Carry forward to the year 2020, and those to come, things and lifestyles have somewhat shifted as we move towards modernity, and civilization. Many of these old practices have been greatly condemned and written off due to the ever growing ‘human rights activism’ and all, though some still practice them undercover. Allow me draw to you the reason as to why I chose to go by the title; ‘what about the boy child?’. You see much as I have said there has been civilization, and modernity being smeared to society’s norms, some have stayed the way they are. I’ll cite examples from a region I have been in for a while now at least; – the central.
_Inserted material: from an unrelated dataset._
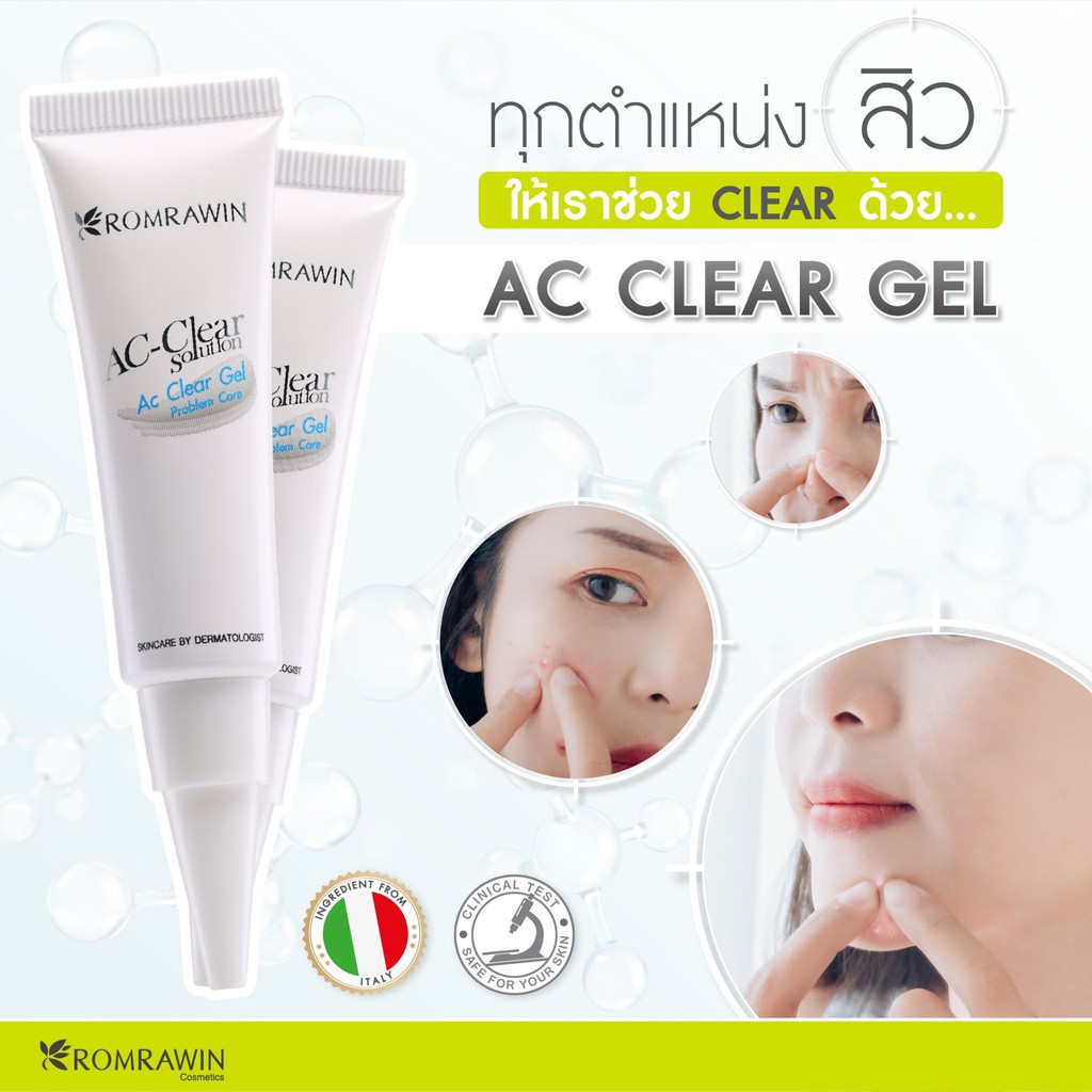 ROMRAWIN AC-CLEAR SOLUTION AC CLEAR GEL 10 ml. เจลแต้มสิวอักเสบ
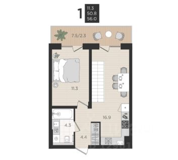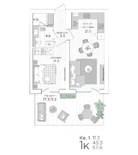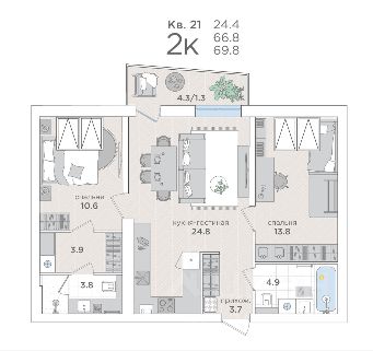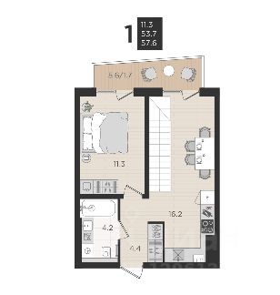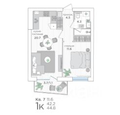 • Санузел совмещённый 4,2 м²;

You see, right from childhood, the girl child is raised to be able to nurture and take care of a home. They are taught chores like how to dress food, peeling, administering local herbs, and the likes. In line with this, when they grow up, they are encouraged to be in close relations with their aunties, as it is these ‘experienced and much’ knowledgeable ladies that are to guide them on how to make good wives, future mothers and ‘please a man’. Meanwhile the boys are let free, and be expected to know how to run a home by default. Also, the ‘sexperts’ (kojjas/ ssengas) as we call them locally tend to offer lessons to couples that are nearly getting married, or are even already in it. The only issue I had and still have with them is how they glorify intercourse, and only shade light on that alone. In my opinion, it takes more than sexual relations between a couple to make a marriage work. But again, what do I know?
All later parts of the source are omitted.